The next easiest way is to use console logs to print out what's happening, which is how most programmers over a certain age would figure out what was happening before debuggers made it easier.

Since I can't sit next to you with a debugger open, let's do the next best thing and add some console logs so we can see what's happening:

function inOrderHelper(root) {
   console.group("Entering inOrderHelper with ", root);
   if (root !== null && root !== undefined) {
      console.log("Root is not null, so continue");

      console.group("Traversing down the left node");
      inOrderHelper(root.left);
      console.groupEnd();

      console.log("The root value is ", root.value);

      console.group("Traversing down the right node");
      inOrderHelper(root.right);
      console.groupEnd();
   } else {
      console.log("Root is null, so back up");
   }
   console.log("Exiting inOrderHelper");
   console.groupEnd();
}

So let's try an example BST:

enter image description here

Which could be constructed to look something like this in JavaScript:

{
  left: {
    left: {
      value: 1,
    },
    value: 2,
    right: {
      value: 3,
    },
  },
  value: 4,
  right: {
    value: 5,
  },
}

You can run this code in your browser's dev tools by pasting in the above function (and hitting enter) and then calling it like so:

inOrderHelper({
  left: {
    left: {
      value: 1,
    },
    value: 2,
    right: {
      value: 3,
    },
  },
  value: 4,
  right: {
    value: 5,
  },
})

The result should look something like this:

Entering inOrderHelper with  {left: {…}, value: 4, right: {…} }
  Root is not null, so continue
  Traversing down the left node
  Entering inOrderHelper with  {left: {…}, value: 2, right: {…}}
    Root is not null, so continue
    Traversing down the left node
    Entering inOrderHelper with  { value: 1 }
      Root is not null, so continue
      Traversing down the left node
      Entering inOrderHelper with  undefined
        Root is null, so back up
        Exiting inOrderHelper

      The root value is  1

      Traversing down the right node
      Entering inOrderHelper with  undefined
        Root is null, so back up
        Exiting inOrderHelper
      Exiting inOrderHelper

    The root value is 2

    Traversing down the right node
    Entering inOrderHelper with { value: 3 }
      Root is not null, so continue
      Traversing down the left node
      Entering inOrderHelper with  undefined
        Root is null, so back up
        Exiting inOrderHelper

      The root value is  3

      Traversing down the right node
      Entering inOrderHelper with  undefined
        Root is null, so back up
        Exiting inOrderHelper
      Exiting inOrderHelper
    Exiting inOrderHelper

  The root value is 4

  Traversing down the right node
  Entering inOrderHelper with { value: 5 }
    Root is not null, so continue
    Traversing down the left node
    Entering inOrderHelper with  undefined
      Root is null, so back up
      Exiting inOrderHelper

    The root value is 5

    Traversing down the right node
    Entering inOrderHelper with  undefined
      Root is null, so back up
      Exiting inOrderHelper
    Exiting inOrderHelper
  Exiting inOrderHelper

You can also use online tools, like BinaryTreeVisualizer, to see this demonstrated with animations.

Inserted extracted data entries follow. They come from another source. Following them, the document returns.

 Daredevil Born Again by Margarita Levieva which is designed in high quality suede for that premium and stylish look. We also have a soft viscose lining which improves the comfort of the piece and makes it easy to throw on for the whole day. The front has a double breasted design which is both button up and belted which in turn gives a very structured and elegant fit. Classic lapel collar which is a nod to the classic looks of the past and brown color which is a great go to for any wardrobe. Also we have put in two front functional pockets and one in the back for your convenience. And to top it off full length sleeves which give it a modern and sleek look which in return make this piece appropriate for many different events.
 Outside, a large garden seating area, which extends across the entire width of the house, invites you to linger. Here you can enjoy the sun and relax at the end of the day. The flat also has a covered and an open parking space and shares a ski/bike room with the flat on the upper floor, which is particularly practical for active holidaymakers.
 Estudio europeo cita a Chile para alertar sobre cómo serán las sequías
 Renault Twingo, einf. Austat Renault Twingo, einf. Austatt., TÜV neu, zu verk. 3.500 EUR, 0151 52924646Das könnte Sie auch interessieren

How does the program know to stop before the tree is finished? It seems to me that it should continue to go to the runner's left node until it is null, at which point it will skip the console.log

Notice that when the function recurses down the left side, when the recursive function returns, control returns to the parent function, which continues on down the right side. When a recursive function returns, it doesn't immediately end the parent function. The parent function treats the recursive function like any other function. It calls it and then, when it returns, goes on to the next thing.

How does the program know that a node has already been printed? It seems to me that it would just print the minimum value repeatedly or once before traversing to the maximum value but apparently the nodes are being checked off somehow.

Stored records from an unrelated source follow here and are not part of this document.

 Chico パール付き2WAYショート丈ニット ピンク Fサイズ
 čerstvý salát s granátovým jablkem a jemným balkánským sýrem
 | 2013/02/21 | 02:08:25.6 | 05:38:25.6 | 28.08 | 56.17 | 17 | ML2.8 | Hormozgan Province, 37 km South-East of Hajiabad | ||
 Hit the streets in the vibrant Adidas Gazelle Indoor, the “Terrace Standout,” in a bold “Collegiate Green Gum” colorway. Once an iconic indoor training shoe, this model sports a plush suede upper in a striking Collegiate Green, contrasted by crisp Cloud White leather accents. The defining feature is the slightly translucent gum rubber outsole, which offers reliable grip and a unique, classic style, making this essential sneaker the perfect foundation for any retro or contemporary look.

This is where javascript gets a little bit confusing. Essentially, the function is trying to go down the left and right side, but if the root value is a string, like "B", then root.left and root.right refer to properties that don't exist. In javascript, rather than throwing an error, it just returns undefined. So when we recurse on root.left and that value is undefined then we do nothing.

So, in our example tree:

{
  left: {
    left: {
      value: 1,
    },
    value: 2,
    right: {
      value: 3,
    },
  },
  value: 4,
  right: {
    value: 5,
  },
}

Our first root is { left: { ... }, value: 4, right: { value: 5 } }

When we go to the left, root is now { left: { value: 1 }, value: 2, right: { value: 3 } }.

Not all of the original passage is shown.